1. Generate a list of prompts

By combining a list of age, race and gender words, we generated a JSON file with all the possible combinations of these words. The list can be seen below, and the prompt was built based on the prefix "a photo of a" and a combination of (race + gender), (age + gender) and (age + race + gender). We also added only gender for the original prompt.

age_list = ['young', 'old', 'middle-aged']

race_list = ['black', 'white', 'hispanic', 'latino', 'indian', 'asian', 'arabic']

gender_list = ['man', 'woman']

Examples of the final prompts are:

{
    'man': 'a photo of a man', 
    'black_man': 'a photo of a black man',
    'young_black_man': 'a photo of a young black man',
}

2. Save image and prompts embeddings

Based on the prompts created above, and a list of image filepaths, the embeddings for the CLIP model were generated and saved.

Images were loaded using python Pillow library, later sent to target device (cuda if available) and processed by calling the clip_model.encode_image() function, while inside a with torch.nograd() statement. The resulting embedding was passed along with its corresponding filename to a pandas DataFrame structure, later saved to a pickle file to preserve the embeddings in numpy arrays.

For the text prompts, a JSON file was read and later tokenized by torch.cat() and clip.tokenize() functions. The tokenized inputs were encoded using clip_model.encode_text() and normalized while keeping its dimensions (the same process was also applied to the images).

3. Evaluate similarities between prompts

With images and text embeddings saved to disc, we were able to compare similarities between every image to all available prompts by calculating 100.0 * image_features @ text_features.T, where @ is matrix multiplication and .T is the transposed form of the vector. The result of this operation is a list with a similarity score between the target image and each of the available text prompts.

4. Predict the final gender label

The list of similarities is then evaluated based on two functions, an average sum function and a sotmax top[k] function. The average function sums up all the Male prompts similarities vs all the Female prompts similarities in order to choose the bigger. The top[k] selects the k-th highest scores of each class and sum them up into the final score. The output of both functions is considered the final classification label for the current image.

5. Measure results

The prediction for each image is saved as a new column in the original dataset csv file. This allows us to compare between both columns in order to measure the accuracy of the predictions, while also extracting some insights about the classification performance.

General accuracy is measured comparing the ground truth "gender" column with the predictions over at "gender_preds" column. Based on this general approach, we are able to measure the performance over more specific samples of the data, such as accuracy by gender, age and race.

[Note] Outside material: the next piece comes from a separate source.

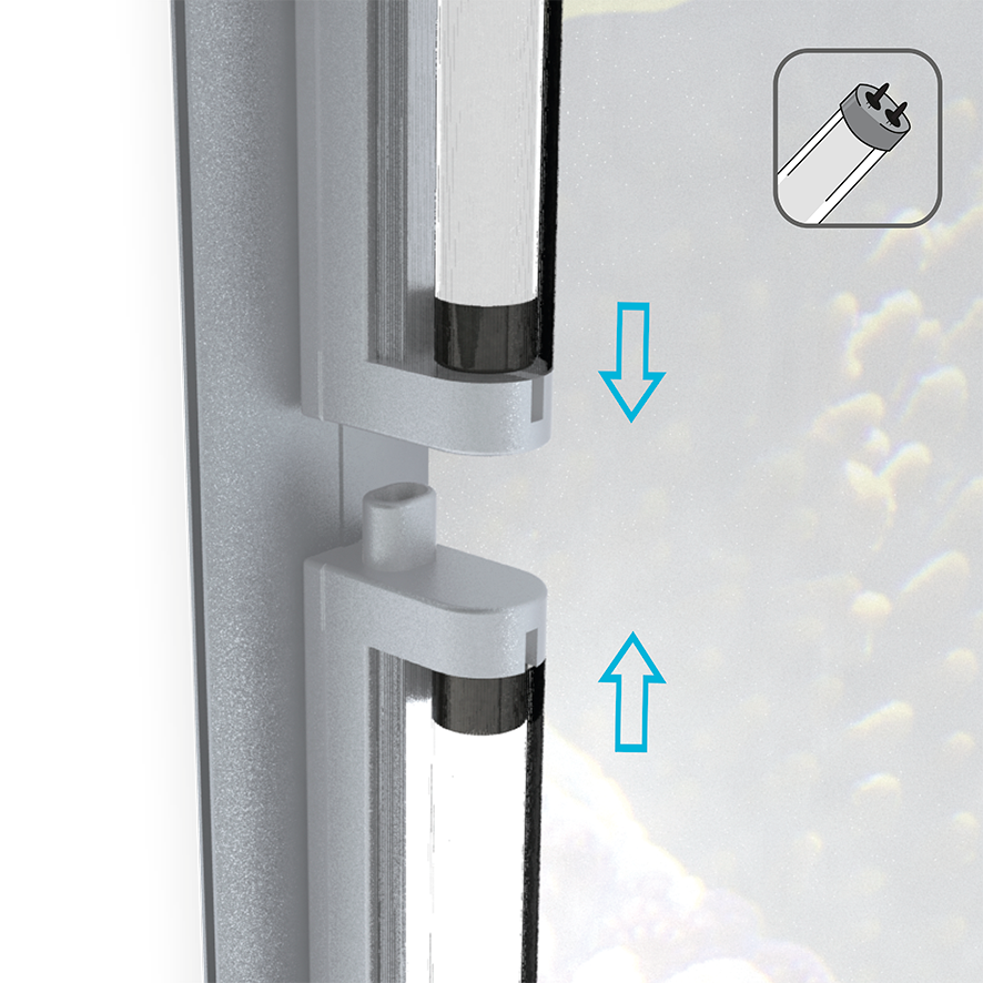 Four lamps, a cable and a plug are included in the delivery. Stick the lamps together and attach it at the side profiles. The lamps will now evenly illuminate both panels.

About the available labels

There are 3 available sets of labels that we can choose from. The first and simplest one is the raw_gender_labels, with only Male and Female prompts, the second one is the original_clip_labels where we try to replicate the labels used by the authors, and finally there is the set presented here, called age_race_gender_labels.

About Top K prediction

The original paper does not says anything about the prediction method, and as such we assume that they employ a simple argmax to retrieve the most similar prompt from the list. This is equal to our method of Top K with k = 1, and as such this is the used method when we try to replicate the original paper results. Beyond that, we also experimented with different k values, where the logic is that it sorts the similarity scores from highest to lowest, and sum up the first k samples, each for every category (male and female).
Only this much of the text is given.